Assignment:
Images should be omitted while the rest of the data is duplicated exactly.
=== The data ===
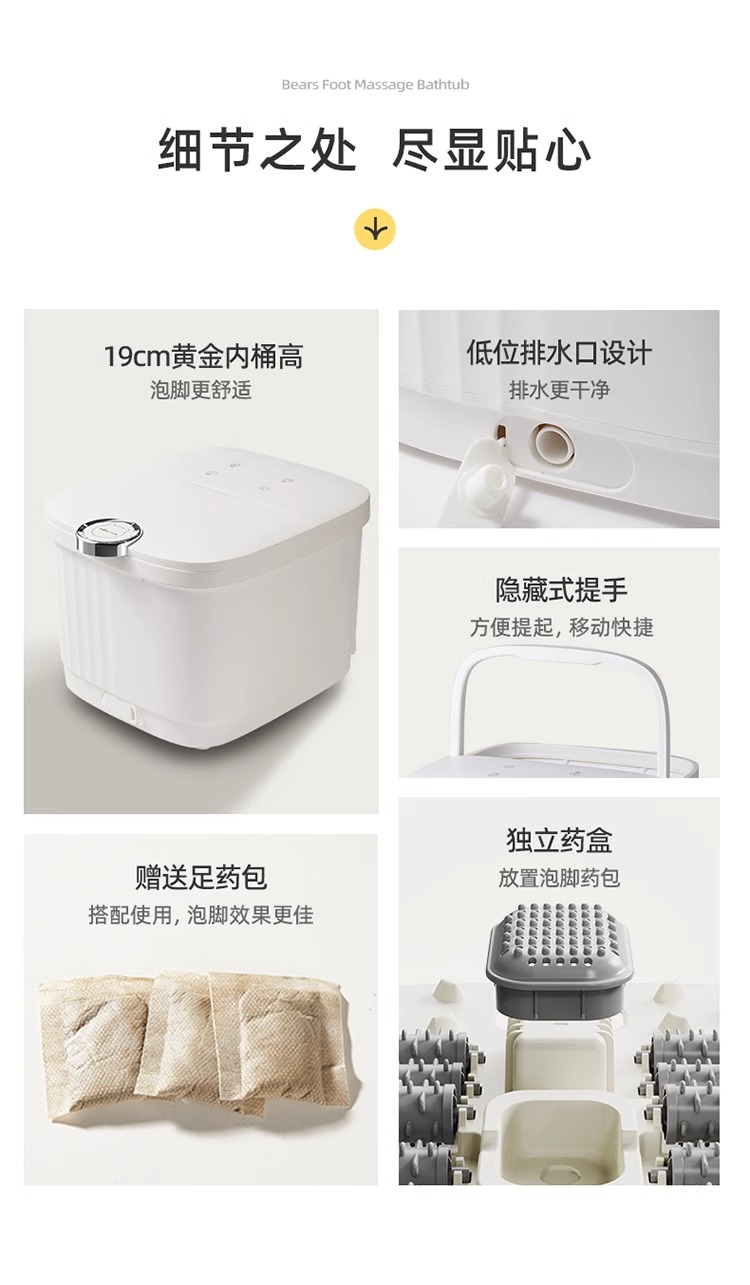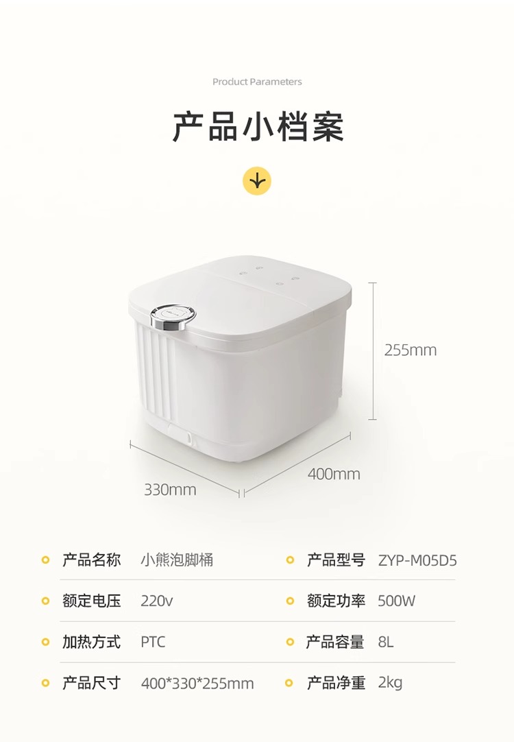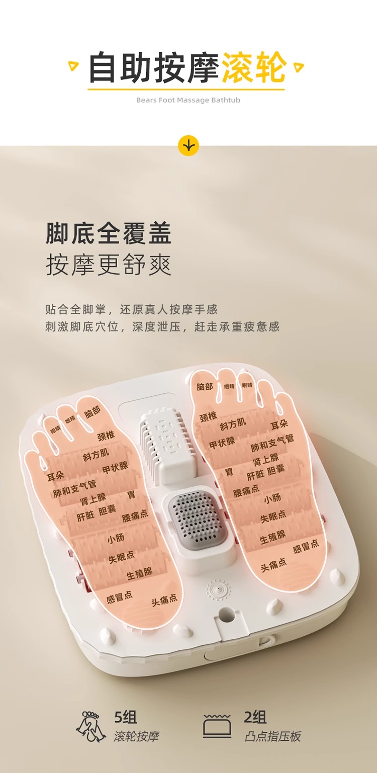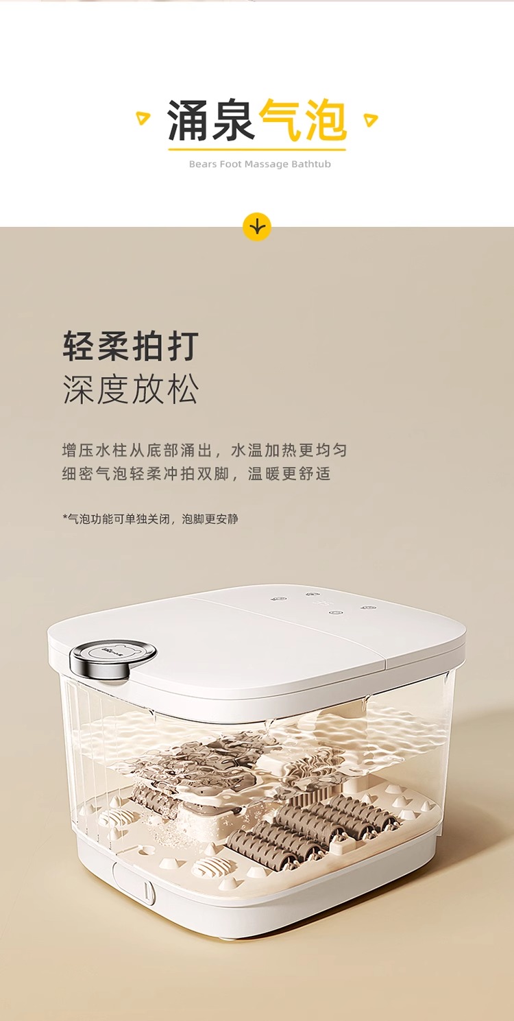 Transform Your Relaxation with the Heated Foot Spa! Why you'll love it: - Enjoy constant temperature heating for ultimate comfort. - Built-in massage nodes relieve tension and promote blood circulation. - Creates a spa-like experience in the comfort of your home. - Designed for easy use and maximum relaxation. - Perfect for unwinding after a long, tiring day.The Bear Foot Bath Barrel combines warmth, relaxation, and health features into one extraordinary foot spa. This premium foot bath offers consistent heating and soothing massage nodes that relieve muscle tension while indulging your feet in a warm embrace. Experience the joy of rejuvenation and self-care that many users rave about!To use, simply fill the tub with warm water, plug it in, and adjust the settings to your preferred temperature and massage intensity. Slip your feet in and let the soothing currents melt away your stress. Elevate your self-care routine and discover how essential this foot spa can be for your overall well-being. Treat yourself to a daily dose of relaxation and comfort today!
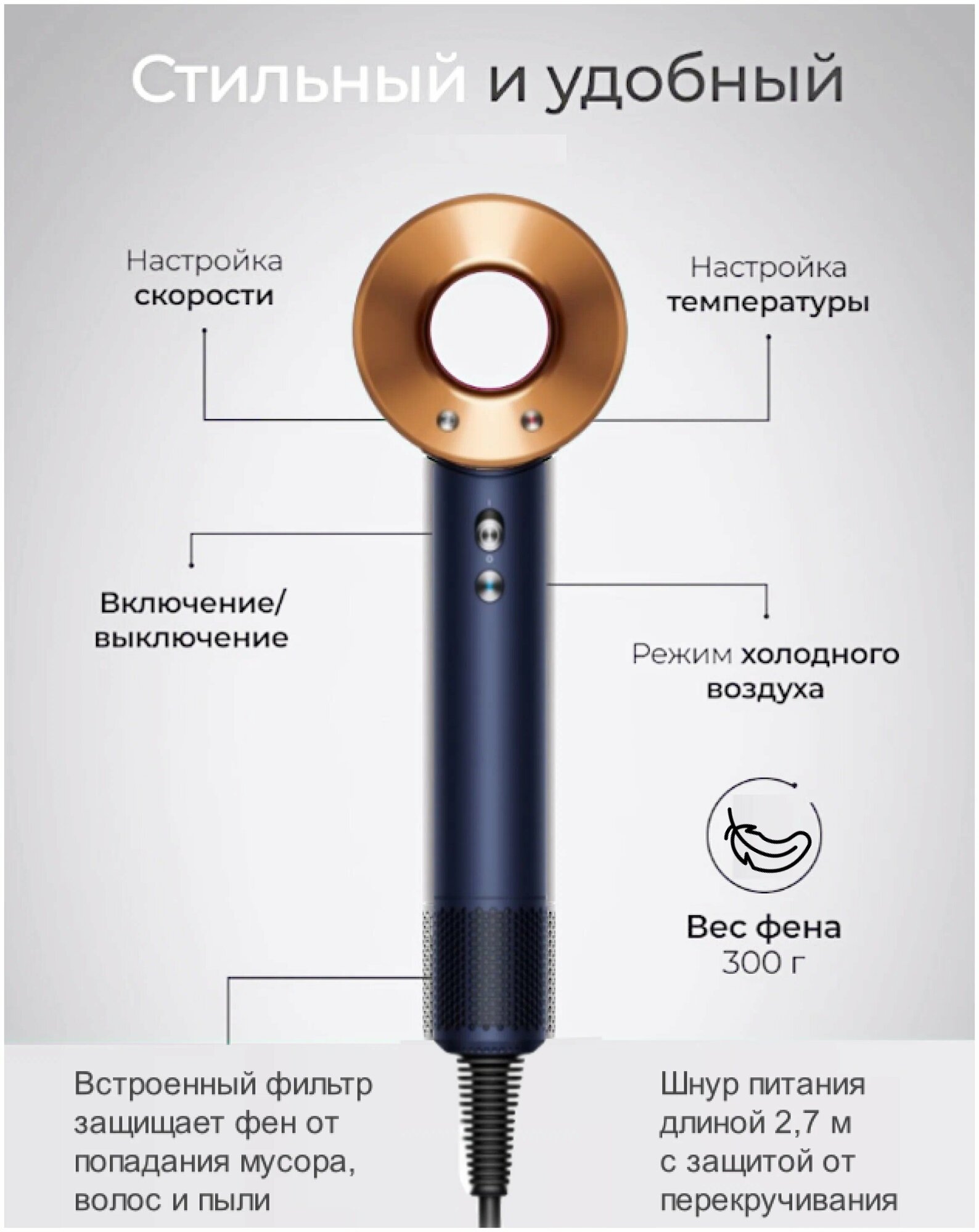 | Насадки | диффузор, для бережного высушивания, для непослушных волос, концентратор |
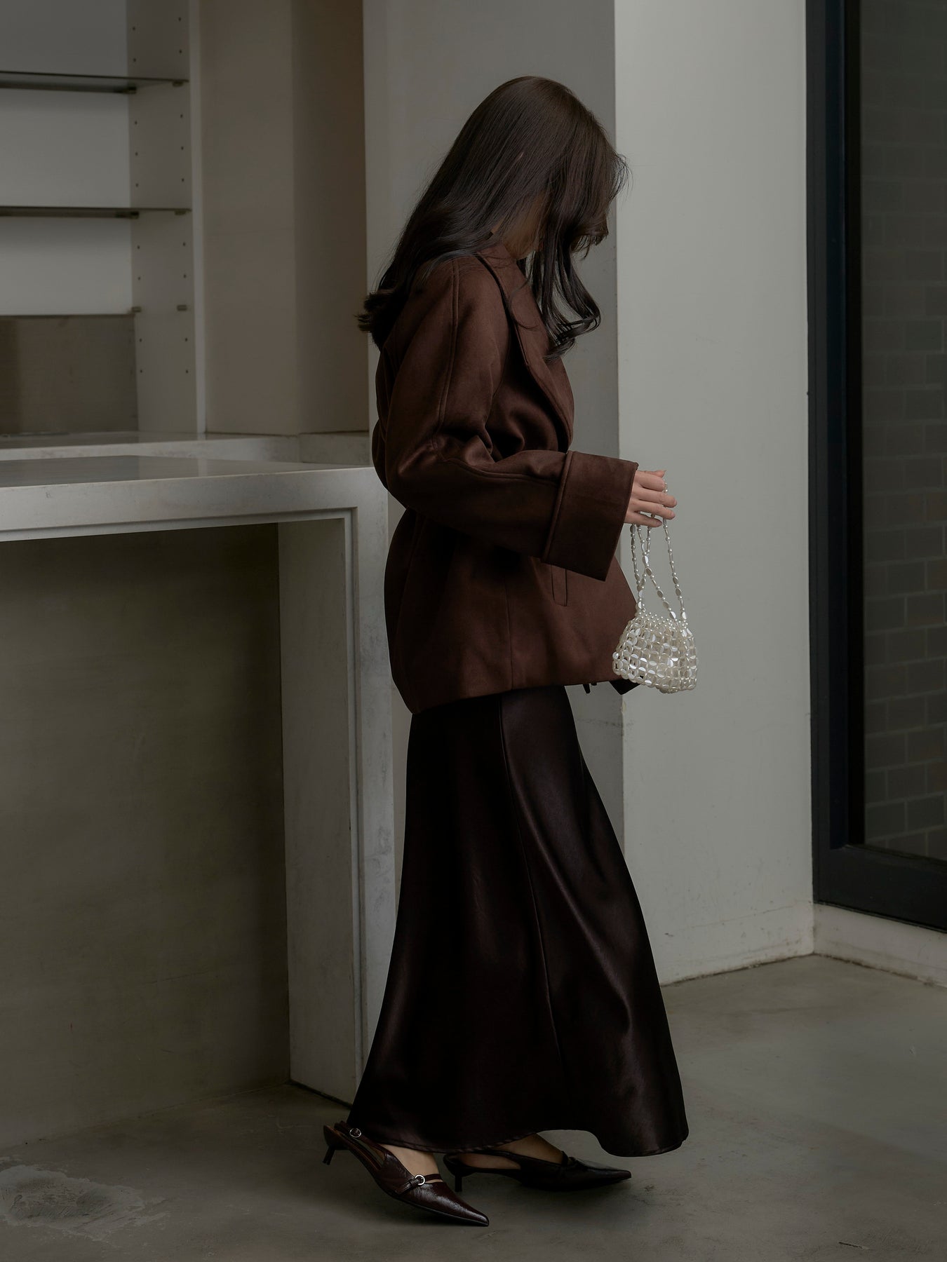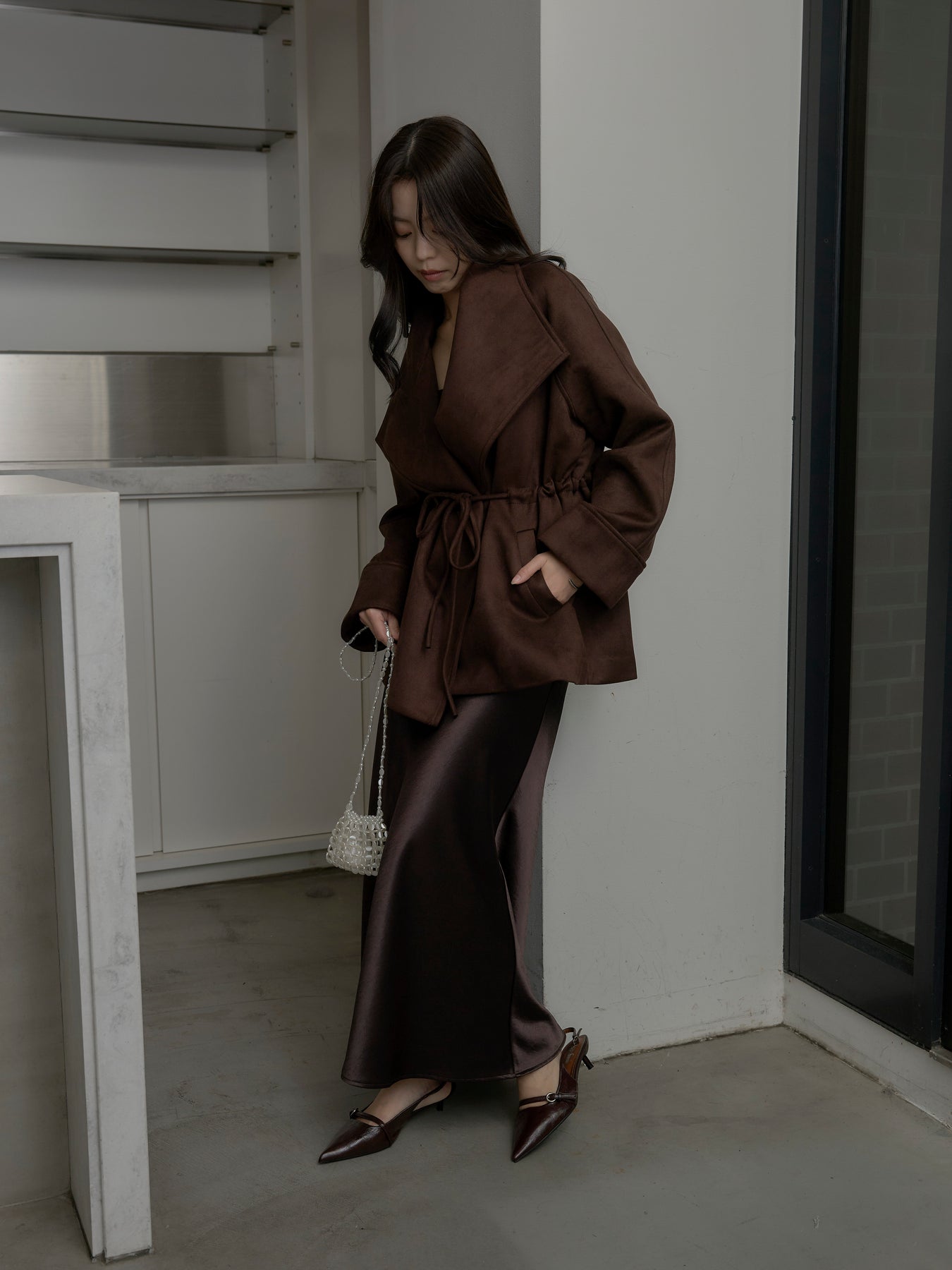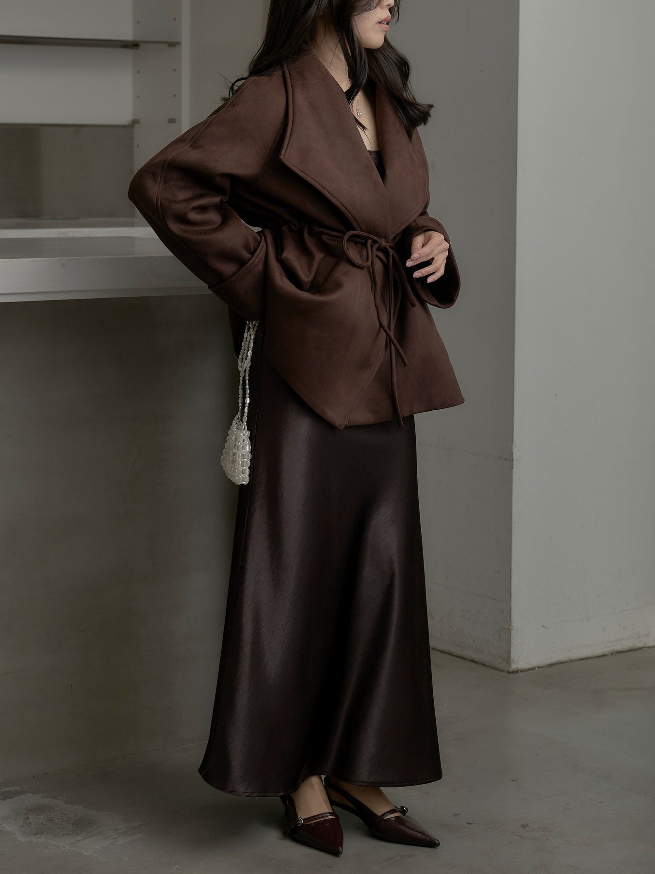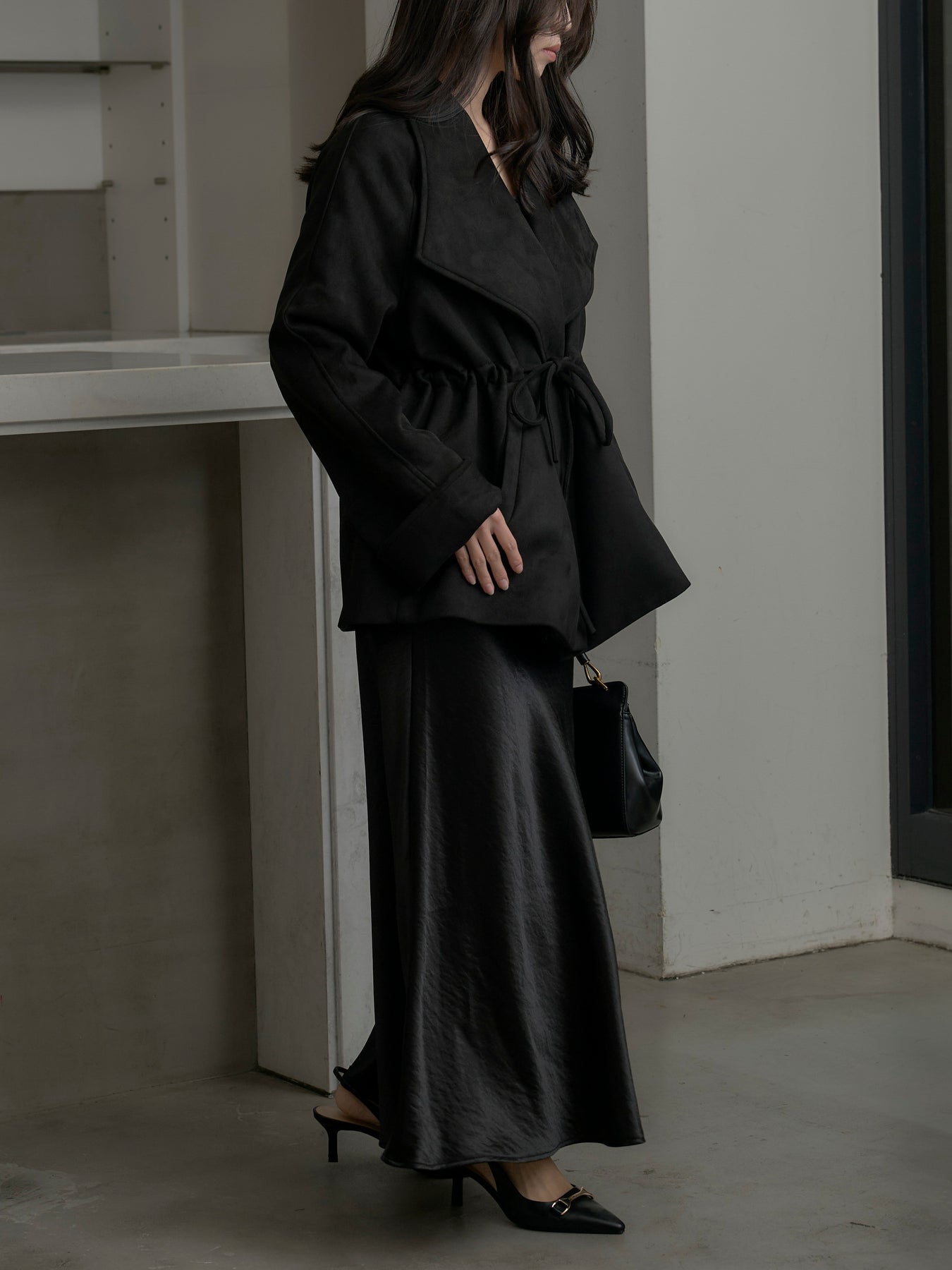 【SET】BIGカラースウェードジャケット+ナローAラインサテンスカート(2set)
===
Problem solution:
 Transform Your Relaxation with the Heated Foot Spa! Why you'll love it: - Enjoy constant temperature heating for ultimate comfort. - Built-in massage nodes relieve tension and promote blood circulation. - Creates a spa-like experience in the comfort of your home. - Designed for easy use and maximum relaxation. - Perfect for unwinding after a long, tiring day.The Bear Foot Bath Barrel combines warmth, relaxation, and health features into one extraordinary foot spa. This premium foot bath offers consistent heating and soothing massage nodes that relieve muscle tension while indulging your feet in a warm embrace. Experience the joy of rejuvenation and self-care that many users rave about!To use, simply fill the tub with warm water, plug it in, and adjust the settings to your preferred temperature and massage intensity. Slip your feet in and let the soothing currents melt away your stress. Elevate your self-care routine and discover how essential this foot spa can be for your overall well-being. Treat yourself to a daily dose of relaxation and comfort today!
 | Насадки | диффузор, для бережного высушивания, для непослушных волос, концентратор |
 【SET】BIGカラースウェードジャケット+ナローAラインサテンスカート(2set)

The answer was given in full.